> _What is needed_
Could the data below please be reproduced word for word, without the pictures?

> _Data supplied_
=====

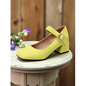 kvinners gule mary jane blokkhælpumper med rund tå og justerbar stropp for retrostil, kontorklær og formelle arrangementer
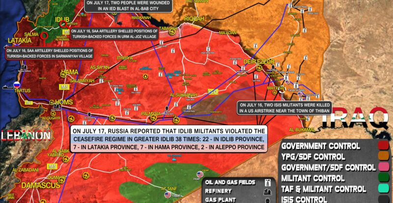 On July 17, Russia reported that Idlib militants violated the ceasefire regime in Greater Idlib 38 times: 22 – in…
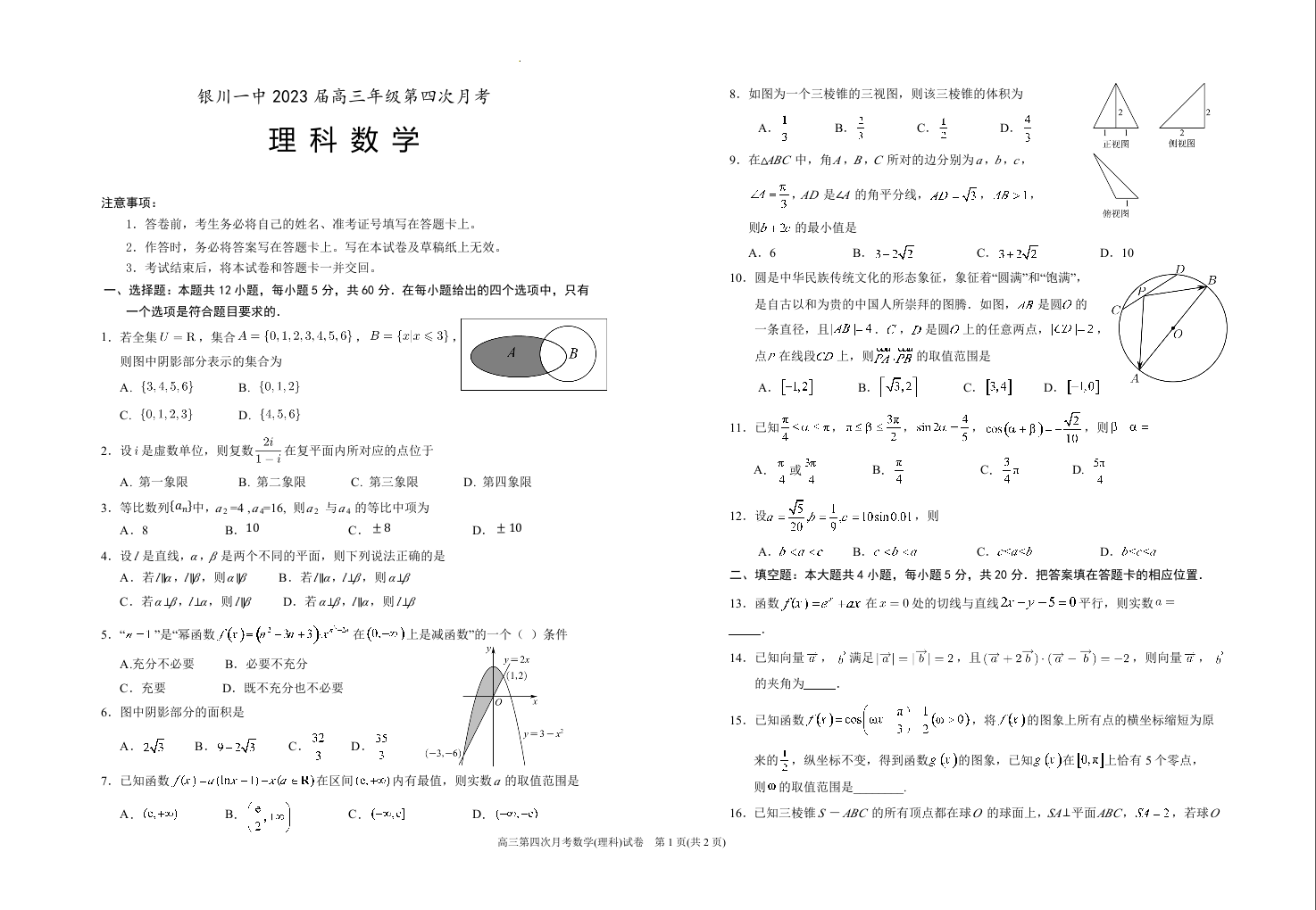 高三数学(理)+答案--宁夏回族自治区银川一中2022-2023学年高三上学期第四次月考
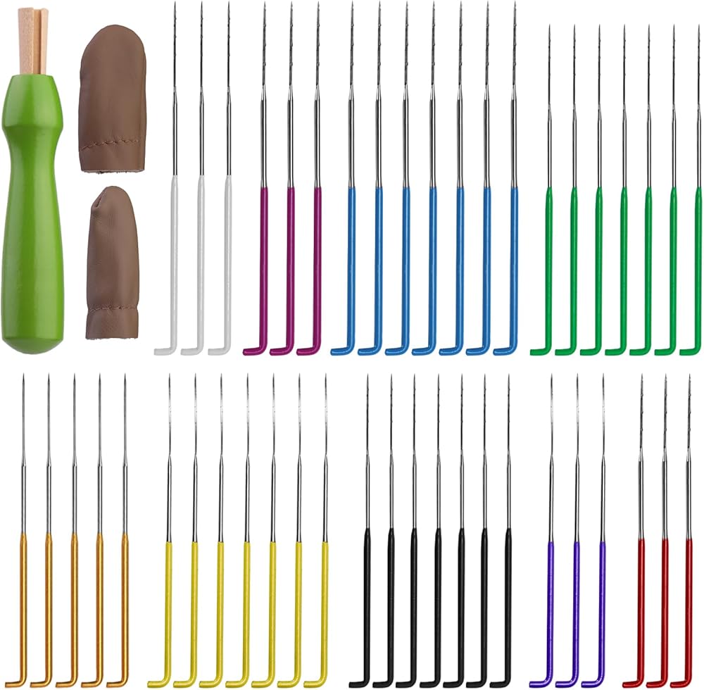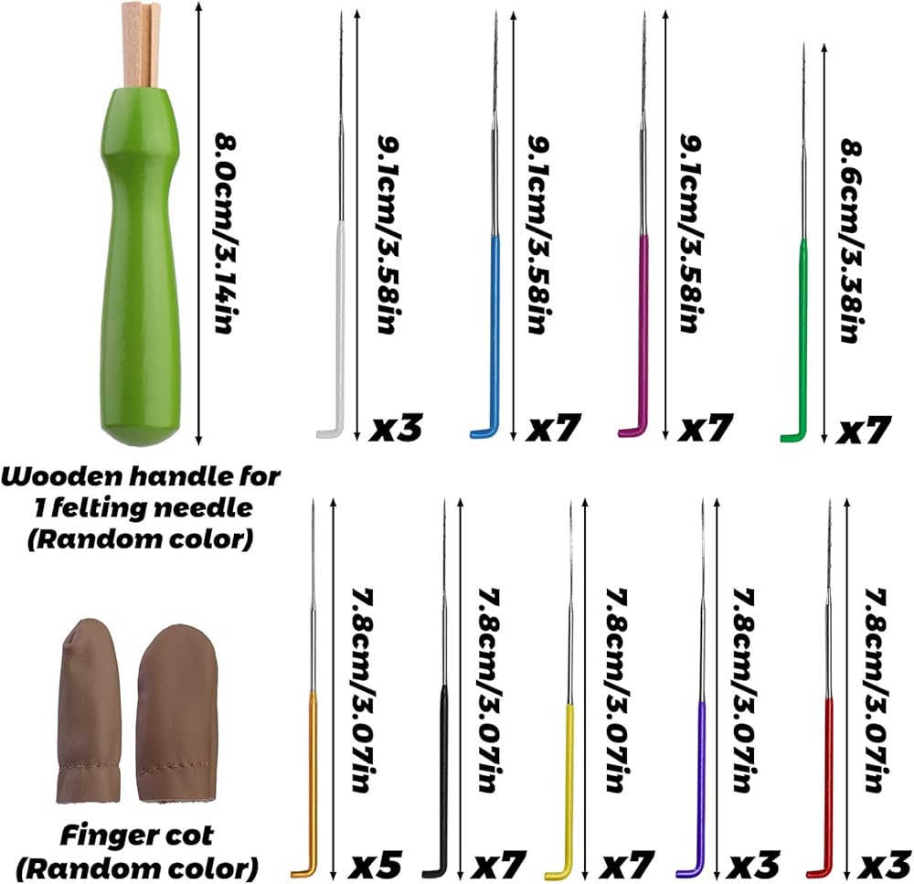 مجموعة إبرة التلبيد الكاملة: تحتوي على 45 إبرة لباد (13 قطعة قياس 36، 7 قطع قياس 38، 13 قطعة قياس 40، 7 قطع قياس 42، 5 قطع إبر تلبيد نجوم)، 1 مقبض إبرة واحد (لون عشوائي)، 1 زوج من مهد الأصابع (لون عشوائي).
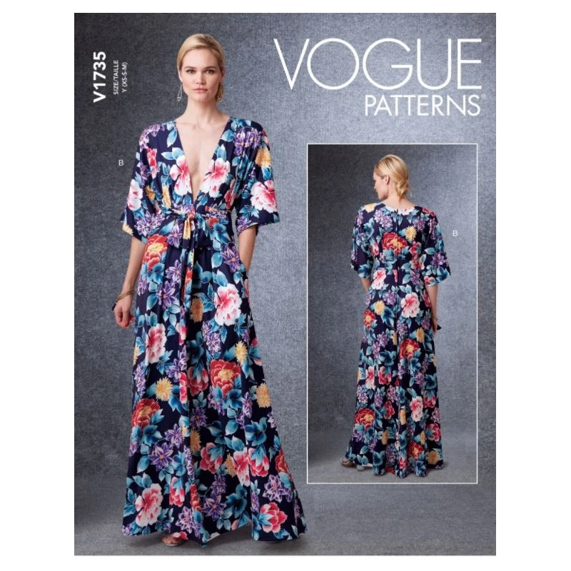Vogue Sewing Pattern V1735 Misses’ Plunge V Neck Dress Zip Back Opening

=====

> _Output_
 kvinners gule mary jane blokkhælpumper med rund tå og justerbar stropp for retrostil, kontorklær og formelle arrangementer
 On July 17, Russia reported that Idlib militants violated the ceasefire regime in Greater Idlib 38 times: 22 – in…
 高三数学(理)+答案--宁夏回族自治区银川一中2022-2023学年高三上学期第四次月考
 مجموعة إبرة التلبيد الكاملة: تحتوي على 45 إبرة لباد (13 قطعة قياس 36، 7 قطع قياس 38، 13 قطعة قياس 40، 7 قطع قياس 42، 5 قطع إبر تلبيد نجوم)، 1 مقبض إبرة واحد (لون عشوائي)، 1 زوج من مهد الأصابع (لون عشوائي).
Vogue Sewing Pattern V1735 Misses’ Plunge V Neck Dress Zip Back Opening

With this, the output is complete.